The autopsy was harder than I expected. Truthfully, I hadn’t expected it to be difficult at all. After a detective’s been working homicide for a while, if he’s still having trouble with autopsies and crime scenes, he needs to get out. It’s not going to get any easier. You reach a point early on when you realize whether or not you’re capable of dealing with the realities of death on a daily basis. Most cops know before they ever ask for the assignment. Every once in a while, though, someone slips through. A few years ago, we had a guy transfer in from Sex Crimes the same way Jen had. His name was Grogan. We rotated him through the squad so he’d have the chance to spend some time with each of the vets. Usually working rapes and molestations and the rest prepares someone to deal with very nasty stuff, and we all thought he was cut out for the job. One day when we were working a particularly brutal child murder and we got our first look at the little girl on the ME’s stainless-steel table, Grogan looked down at her and turned an ashen color. Her head had been cut off and there was a two-inch gap separating the severed ends of her neck. The odd thing was that her long blonde hair still reached down past her shoulders and was visible in the space between the raw edges of her neck. He looked at it for several seconds, turned to me, and said, “Excuse me a sec, I’ll be right back.” I never saw him again. Ruiz told me he maxed out his leave time and then requested a transfer back to patrol.

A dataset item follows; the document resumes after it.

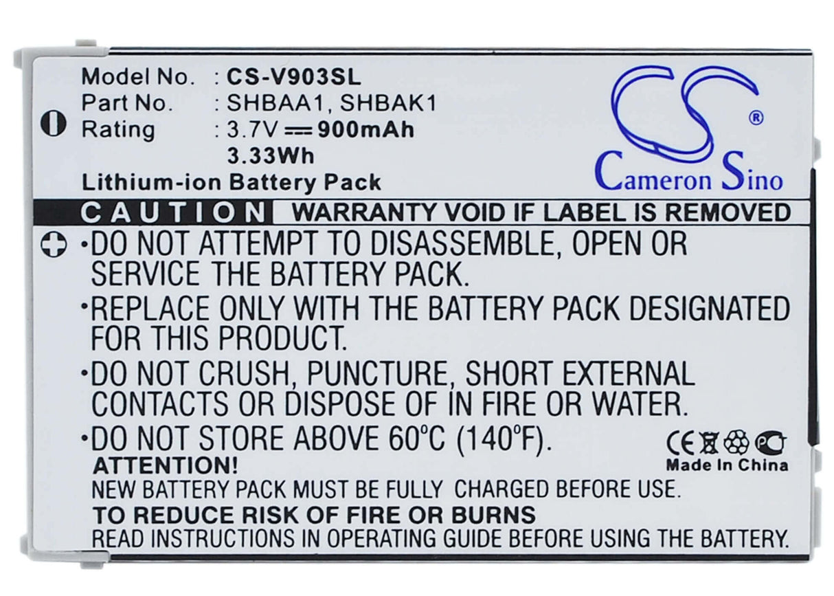 Canadian Batteries supplies the highest quality generic batteries available in the marketplace today. We endeavor to keep our data as current as possible, but there will be occasions when new models have not been updated to the website yet. Contact us and we will confirm fitment. This battery is designed to replace the battery in models described below Chemistry Li-ion Voltage 3.7VCapacity900mAh / 3.33Wh Warranty 1 Year Model Number CS-V903SL Color White GreyDimensions(mm)56.05 x 35.55 x 4.39mmReplaces ManufacturersSharpWe endeavor to keep our data as current as possible, but there will be occasions when new models have not been updated to the website yet. Contact us and we will confirm fitment. If you are unable to confirm the battery number before ordering you may be best to contact us before placing your order. The warranty we offer on all of our products is one of the best in the business, we make returns easy and will quickly test and replace any product found to have an issue within the 12 or 6 months warranty period. The average life of a Li-ion battery is around 400 cycles, This is the same for Lithium Polymer. Nimh should last for around 500 cycles. (A cycle is a discharge and recharge.) Please remember that a cycle will still be used, even if only partially discharged then recharged. it's always best to run the battery low and recharge when the battery reaches about 10 of it's charge left. This will extend the life of the battery. ISO 9001 certification ensures that strict manufacfuring standards are adhered to. Safety is primary concern and we use only high quality components to ensure that strict standards are met. The batteries we supply should perform as well as your original. This replacement battery is designed to replace the models shown below. Special Remarks:-Device Models and Battery numbers that this battery is known to support:-Device Models SupportedSharp, 703shf, 804sh, 903, 903sh, 905sh, Sh901ic, Sx313, Sx833, V703, V703sh, V801, V802sh, Wx-t71, Wx-t91, Softbank, 911sh, Vodafone, 703shf Battery Models Supported Sharp, Sh03, Shbaa1, Shbak1, Shbax1, Xn-1bt70, Softbank, Shbaa1, Shbak1, Shbax1, Xn-1bt70Manufacturers that this product will replace:- Manufacturers Supported Actual manufacturerSharpCameron SinoBattery Selection (Please read - Important)There are three important pieces of data that you will need to have to confirm the fitment of this battery in your device. You will need the model of your device, The battery number - found on the original battery and the manufacturer. This is the only way to be 100 sure this is the correct battery.Please be advised that some higher capacity batteries are larger than the standard battery from the manufacturers. Please make sure that your model number is shown in the information above before ordering. If there is any doubt contact us first and we can advise if this is a suitable replacement for your device.

I’d never had strong reactions to autopsies. Homicide had always been my goal, and I worked hard to get it. I never struggled with the grisly realities of the work the way many cops did. Something in my psyche had prepared me for the realities of the job. I’d always known I was cut out for it.
So I was surprised by the feeling of tightness in the pit of my stomach when the ME, Paula Henderson—her gray hair trimmed short and her eyeglasses, as always, hanging on a chain around her neck—led me in to begin.
As soon as I saw the face of the victim, burned into a blackened rictus, the hair gone, the flesh seared away into taut, leathery ropes of tissue, the deep reds, purples, and browns of the remnants of flesh, it took me back to the first time I’d seen the accident-scene photos of the auto accident that had killed my wife. It had been five years since Megan’s Toyota had been sandwiched between two eighteen-wheelers. We had been going through a rough patch, and she was on her way to stay with her mother for a while. Unbeknownst to me at the time, she was pregnant with our first child. She survived the impact, but her car caught fire and she perished in the flames. I never should have seen the photos of the aftermath of the collision, but I had connections, and I worked them hard to get copies of all of the files, too. I even have autopsy pictures. A lot of people tried hard to keep me from looking at all of those investigative materials. No one could have tried hard enough, though. I had to see. I had to know. All of the gruesome details have long been fixed in my memory.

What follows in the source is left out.